Maternal cell phone use in early pregnancy and child's language, communication and motor skills at 3 and 5 years: The Norwegian Mother and Child Cohort Study (MoBa)
BMC Public Health Sep 12, 2017
Papadopoulou E, et al. - This study assessed the impact of maternal cell phone use in pregnancy on childÂs language, communication and motor skills at 3 and 5 years. At three years, the risk of low language and motor skills was found to be decreased in association with prenatal cell phone use, which might be explained by enhanced maternal-child interaction among cell phone users. There was no evidence that prenatal cell phone use has adverse neurodevelopmental impacts.
Methods
- Researchers performed a prospective study including 45,389 mother-child pairs, participants of the MoBa, recruited at mid-pregnancy from 1999 to 2008.

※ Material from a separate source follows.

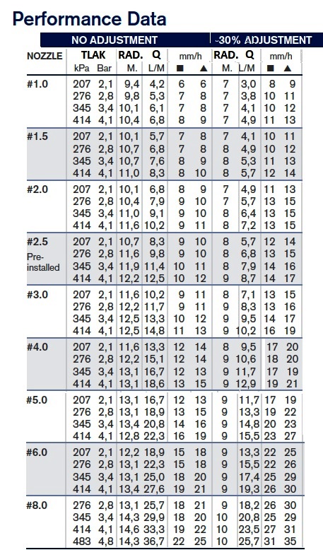 Výsuvný postrekovač s rotačnou hlavou, dostrek 5 až 14,5 metra (podľa tlaku a nasadenej trysky). Pokračovať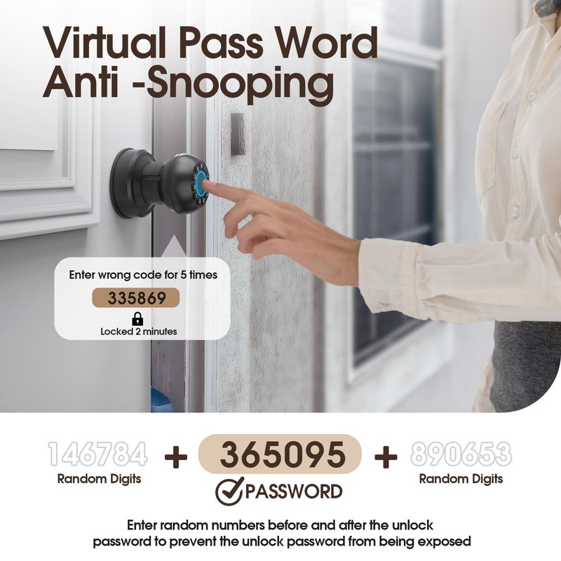 - 【Advanced Fingerprint Recognition Technology】Equipped with a cutting-edge high-precision fingerprint sensor, our system delivers lightning-fast recognition in just 0.1 seconds and unlocks your door within 1 second for seamless keyless entry. The lock supports up to 100 fingerprints and 100 unique access codes, enabling secure and flexible access management for families, teams, or guests. Your privacy is our priority—all sensitive data (including fingerprints and access codes) is stored exclusively on the lock's local memory and never transmitted to the cloud. This robust design guarantees the utmost protection of your personal information and digital security.

- Using questionnaires, they assessed the maternal frequency of cell phone use in early pregnancy and child language, communication and motor skills at 3 and 5 years.
- They also used logistic regression to estimate the links.
Results
- Findings demonstrated that no cell phone use in early pregnancy was reported by 9.8% of women, while 39%, 46.9% and 4.3% of the women were categorized as low, medium and high cell phone users.

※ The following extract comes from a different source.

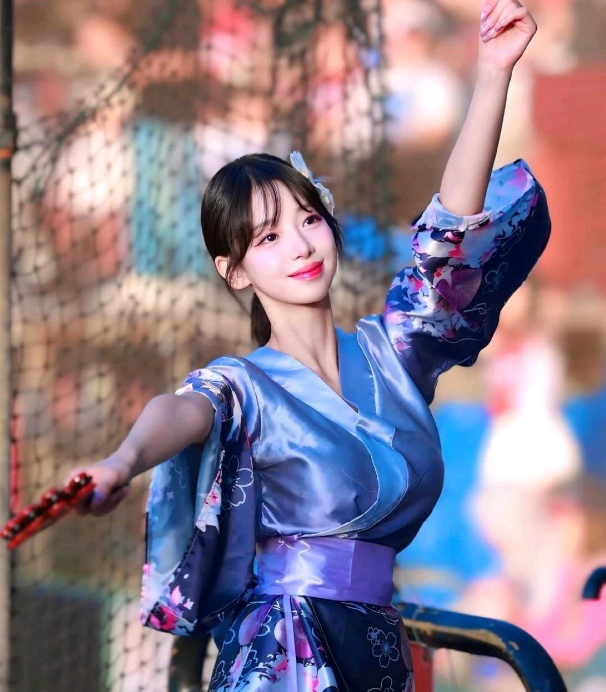 사진 속에서 우수한은 기모노를 입은 채로 경기장에서 치어리더 활동을 해 눈길을 끌었다. 머리에도 꽃 장식을 하면서 청순한 매력을 뽐냈다.

- Researchers observed that children of cell phone user mothers had 17% (OR = 0.83, 95% CI: 0.77, 0.89) lower adjusted risk of having low sentence complexity at 3 years, compared to children of non-users.
- They noted that the risk was 13%, 22% and 29% lower by low, medium and high maternal cell phone use.
- Additionally, data revealed that children of cell phone users had lower risk of low motor skills score at 3 years, compared to children of non-users, but this association was not found at 5 years.
- Researchers found no association between maternal cell phone use and low communication skills.